Mr. Cardin had laid the foundation for a global empire in the late 1950s. At a time when France was the undisputed epicenter of fashion, he was bringing his designs to Moscow, Tokyo and Beijing, doing more to erode borders international than any designer at the time.

In 1957, he became the first to establish commercial ties with Japan and, in 1959, he already sold his fashion there. He realized a vast and untapped market for trendy clothing in Central Europe and Asia and, in the late 1960s, was offering his designs for mass production in China. In 1983, Cardin became the first French couturier to enter the Soviet Union: his designs were manufactured in Soviet factories and sold under the Cardin label at Cardin boutiques in Moscow.
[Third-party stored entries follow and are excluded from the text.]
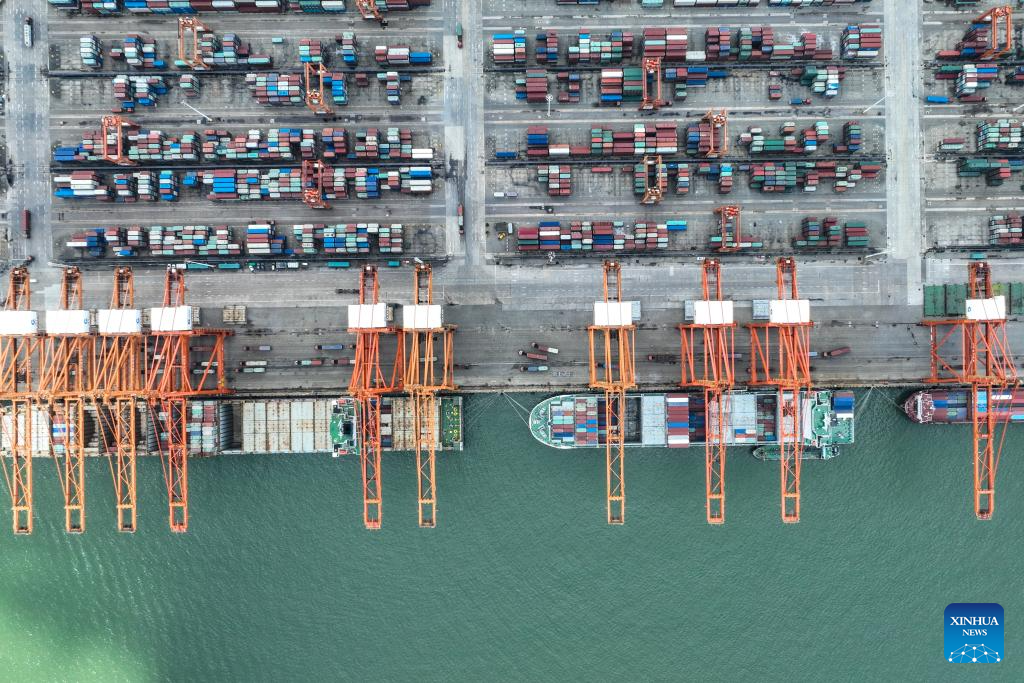 This aerial photo taken on July 22, 2023 shows a container wharf of the Beibu Gulf Port in Qinzhou, south China's Guangxi Zhuang Autonomous Region. Qinzhou is a node of the New International Land-Sea Trade Corridor connecting Guangxi and ASEAN countries, and its location is highly beneficial, granting the city an important role in international land-sea transport connectivity. (Xinhua/Cao Yiming)
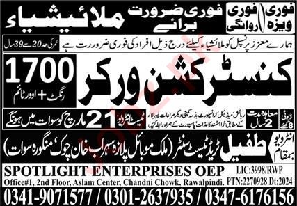Spotlight Enterprises latest Overseas Labor jobs and others can be applied till 21 March 2024 or as per closing date in newspaper ad. Read complete ad online to know how to apply on latest Spotlight Enterprises job opportunities. Free accommodation, medical and transport may be available.
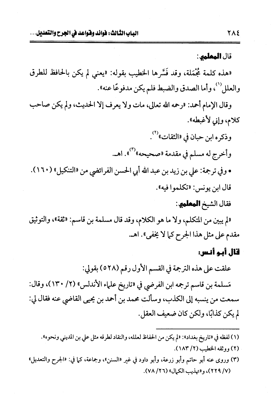 (¬1) لفظه في "تاريخ بغداد": "لم يكن من الحفاظ لعلله، والنقاد لطرقه مثل علي بن المديني ونحوه".
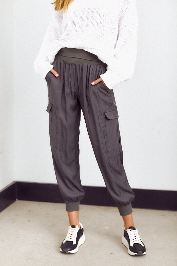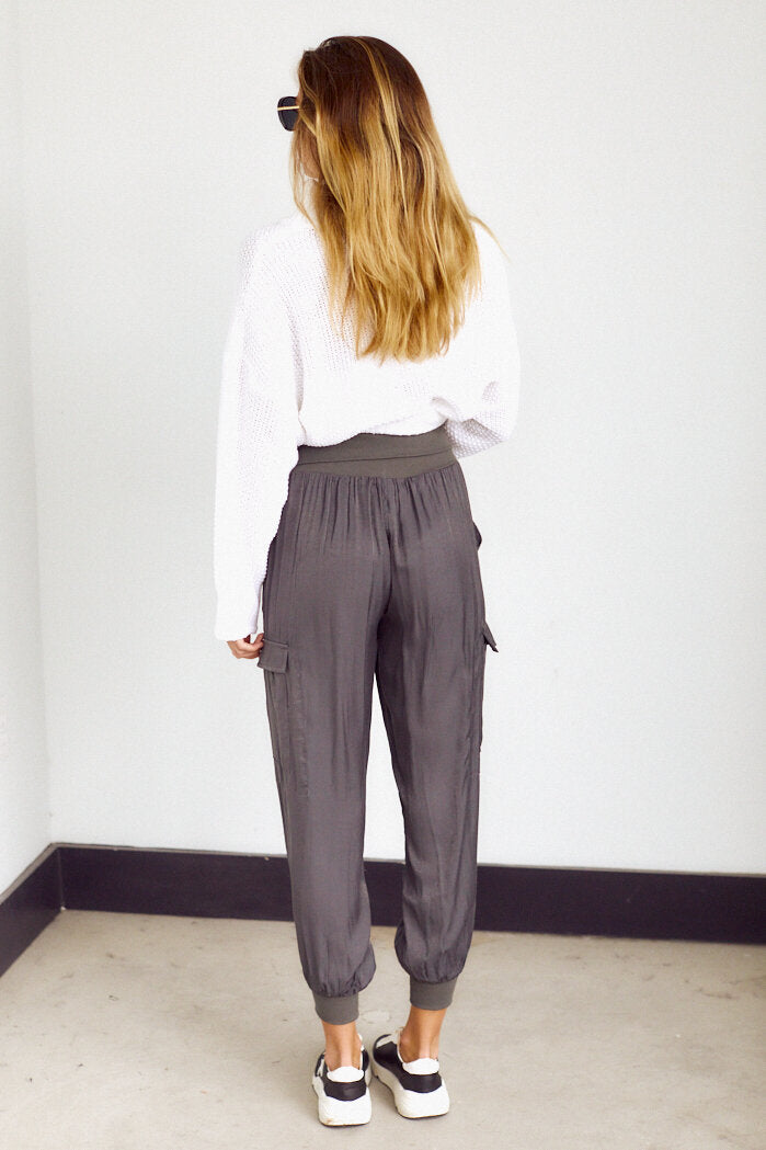 The utility trend gets a feminine update with the Emmet Jogger. These joggers feature knit elastic waist and ankle bands, cargo pockets, and a silky, satin-like material. Throw on with a graphic tee and leather jacket for effortless fall styling.
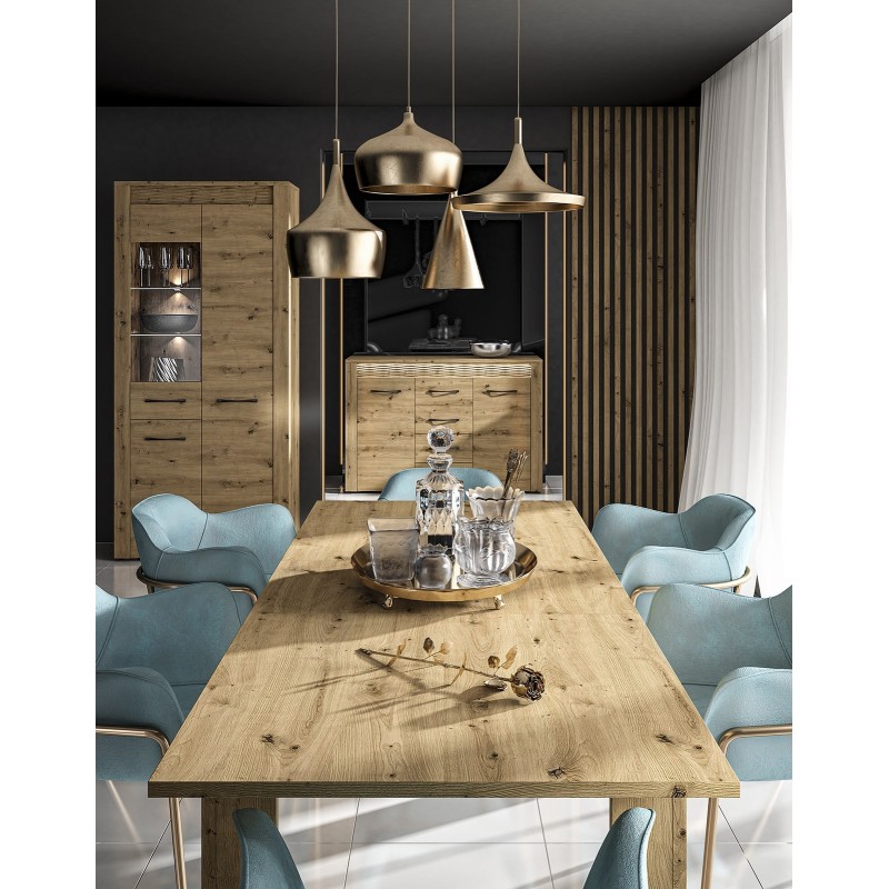 Ciepła, dębowa kolorystyka, podświetlana wstawka oraz metalowy uchwyt sprawiają, że kolekcja Artis nadaje wnętrzom niepowtarzalnego charakteru.
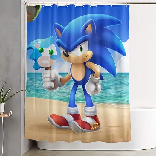 Sonic The Hedgehog 02 Design Polyester Fabric Bath Shower Curtain
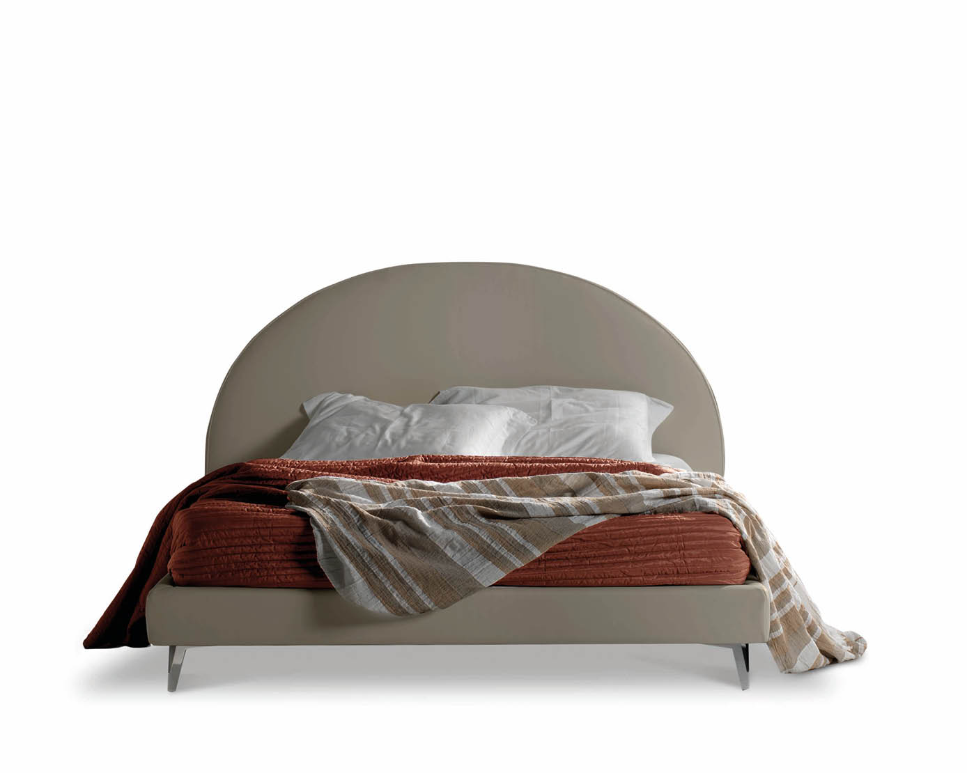 Wie eine kleine Loggia bildet das Kopfteil von Rondò einen Rundbogen, der an die Formen der italienischen Renaissance-Architektur erinnert. Ein Kunstobjekt, das mit seinen abgerundeten und harmonischen Linien die Möglichkeit bietet, ein Bett ohne Kanten zu haben, das perfekt rund wird, wenn seine bereits bezaubernde Silhouette mit der abgerundeten Basis kombiniert wird. Das Bett Rondò bleibt sicherlich nicht unbemerkt und nimmt zu Recht die Rolle des Protagonisten des Schlafbereichs ein.
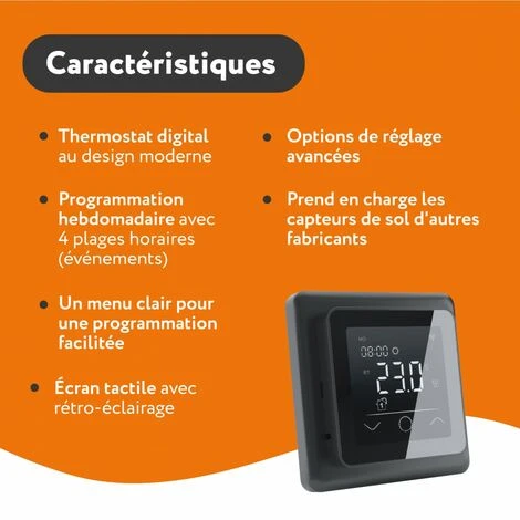 - 1 x Thermostat digital TP 750 Tactile – Noir
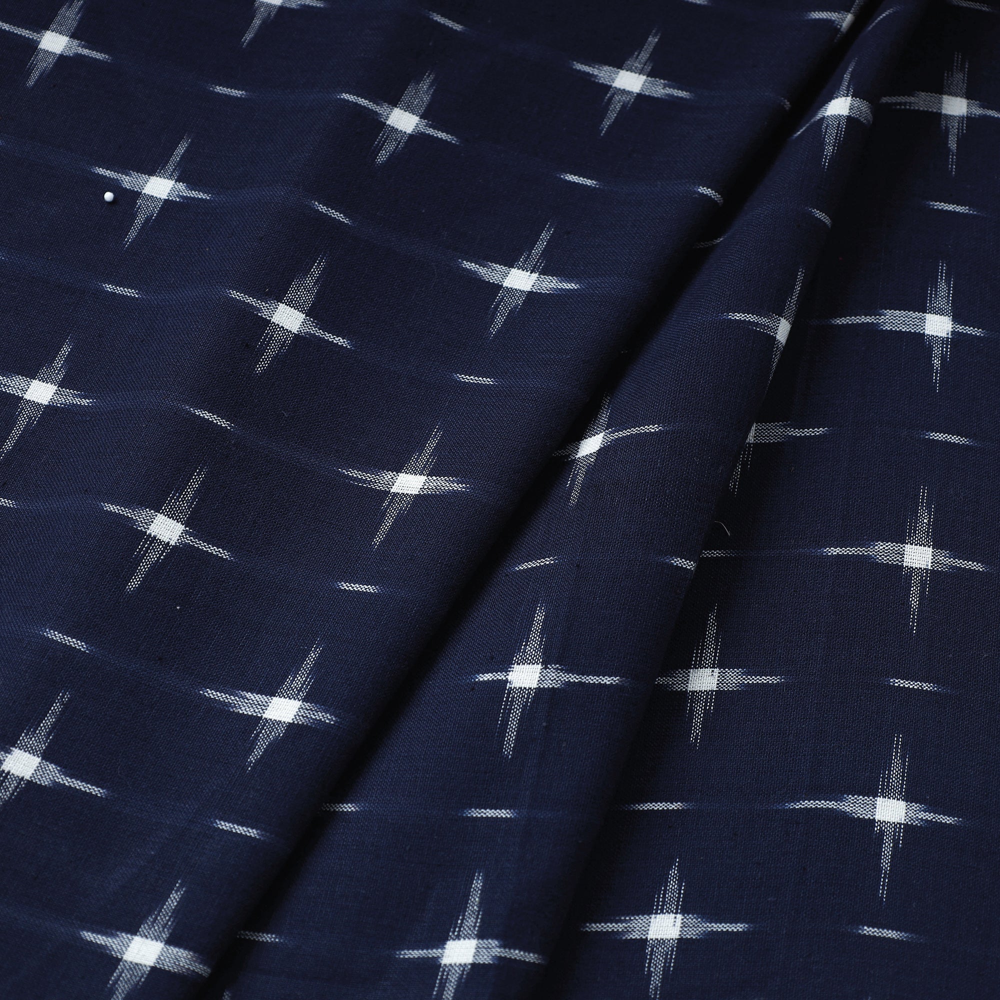 Enhance your creations with our blue pochampally double ikat fabric, made from fine handloom cotton in Andhra Pradesh. This fabric features the distinctive Ikat dyeing technique, offering vibrant patterns and rich textures. Perfect for both traditional and modern projects, it’s a testament to India’s artisanal heritage.
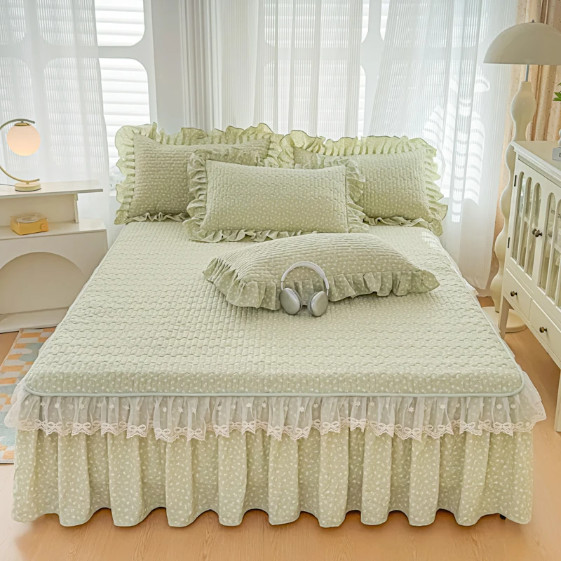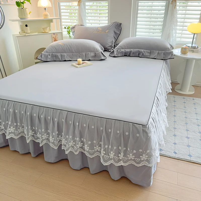 Besötétedik Gyapot csipkével embroidered csipkével párnázott Ágy Szoknya egységes Akta szerelmes Ágybetét Ajánló fedezze
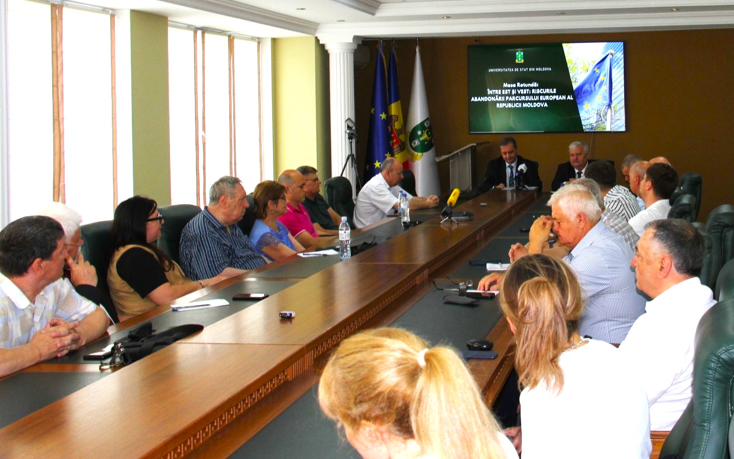 Miercuri, 16 iulie, la Universitatea de Stat din Moldova s-a desfășurat masa rotundă cu genericul „Între Est și Vest: Riscurile abandonării parcursului european al Republicii Moldova”, la care au participat
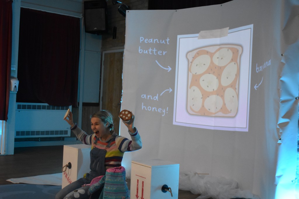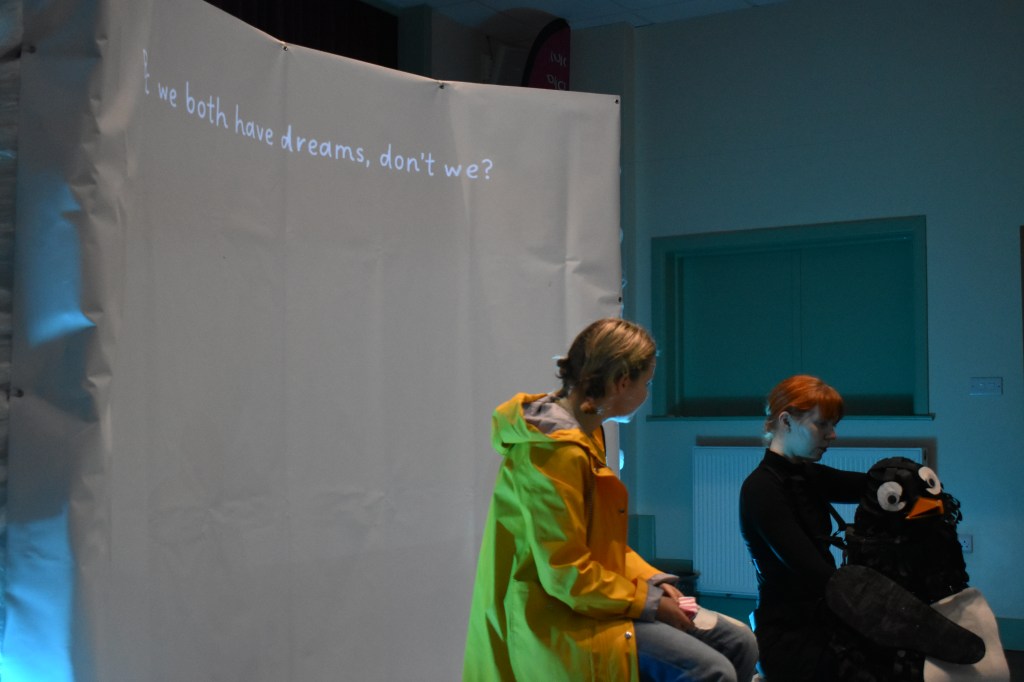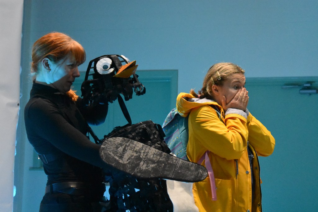 “The star of the show has to be the puppetry penguin operated by Dales. They talk, interact with the audience, and converse with Georgia. I thought they were enchanting and cheeky.
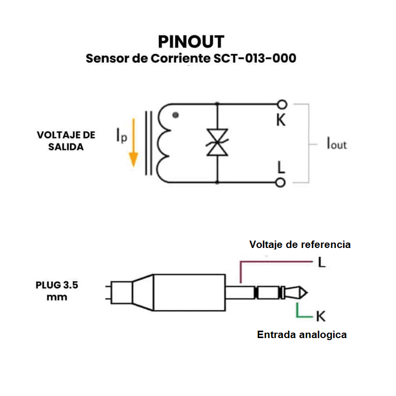 El Sensor de Corriente SCT-013-000 100A/50A es un transformador de corriente tipo clamp-on (abrazadera), diseñado para medir corrientes alternas sin conexión directa al circuito de potencia. Gracias a su diseño de núcleo partido y su salida de corriente proporcional, este sensor permite obtener mediciones seguras, precisas y libres de interferencias, ideales para sistemas de monitoreo de energía, automatización industrial o control de cargas.
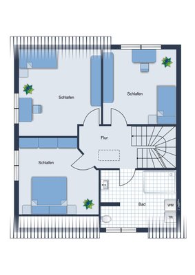 Im Obergeschoss erwarten Sie drei helle Schlafräume und ein großzügiges Badezimmer. Der Spitzboden ist als zusätzlicher Nutzraum ausgebaut und über eine Einschubtreppe erreichbar.
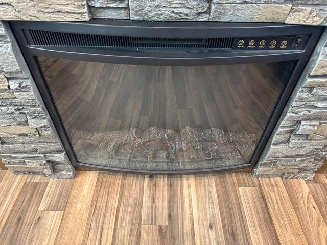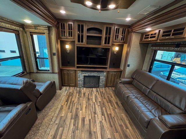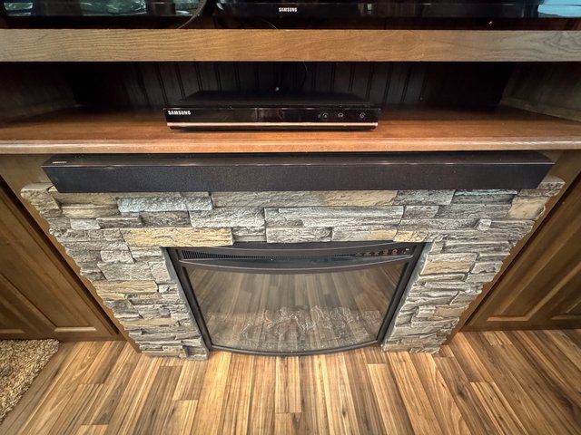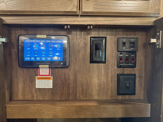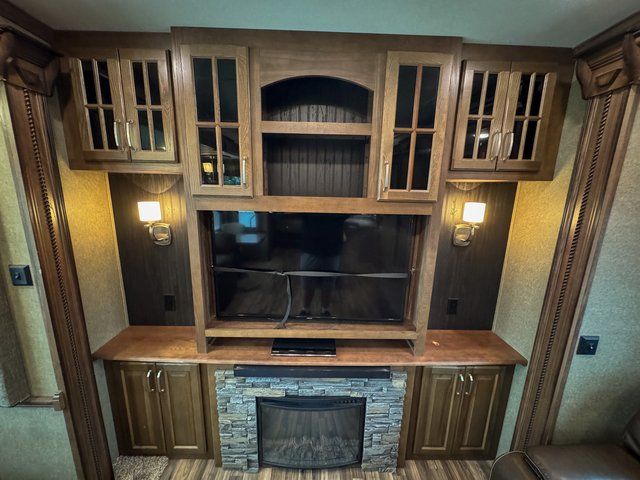 The rear wall features a full entertainment center with a fireplace, overhead cabinets and base cabinet storage. Not to mention the huge LED TV!
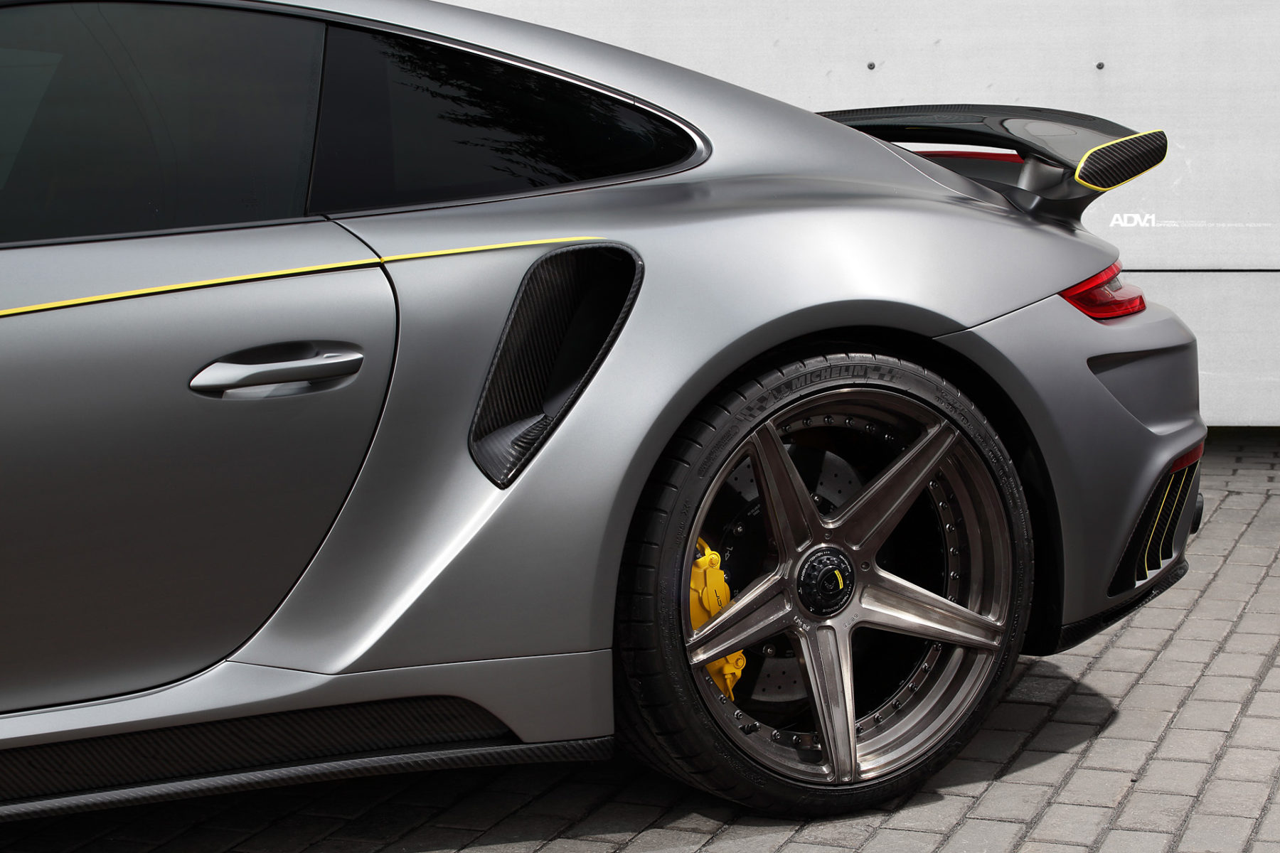 The part that brings it all together are the new ADV.1 ADV5 M.V2 SL Series wheels. These two-piece forged wheels boast a center-lock construction and concave five-spoke design that gets progressively deeper from front to the rear. The new ADV5 M.V2 SL Series wheels also clear the Porsche Ceramic Composite Brake system, which allows for a more aggressive fitment.
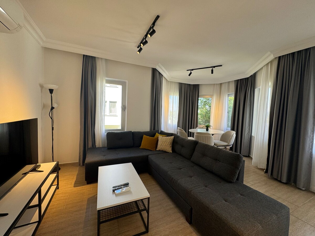 ¡Te damos la bienvenida a Çimentepe Residence Deluxe! Puedes disfrutar del mar en la playa pública a solo 10 pasos de la residencia, ir de compras a Yalıkavak Marina y disfrutar de los famosos lugares de entretenimiento de Bodrum por la tarde. Consta de 2 habitaciones, 2 baños, sala de estar, sala de estudio (una cama supletoria) y balcón, el apartamento de residencia te espera, nuestros valiosos huéspedes.
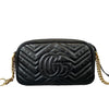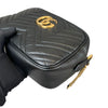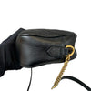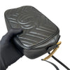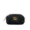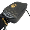 The Marmont Camera Bag bag features a quilted leather body, a gold toned chain strap, and a top zip closure.

Above all, he saw himself as a prolific man of ideas, savoring his role as supervisor of a kingdom that encompassed clothing accessories, furniture, household products and fragrances sold by about 800 licensees in more than 140 countries on five continents.

Chocolates, pens, cigarettes, frying pans, alarm clocks and cassette tapes – all had the Cardin logo, as well as shoes, lingerie, blouses, ties, wallets, belts and, more recently, an Android tablet. In the mid-1980s, Mr. Cardin was at the head of a marketing organization and network of licensees paying royalties of 5 to 12 percent, a stream of income that earned him the unofficial title “the licensors’ Napoleon” .

“I was born an artist,” he told The Times in 1987, “but I am an entrepreneur.”

A complete obituary will appear soon.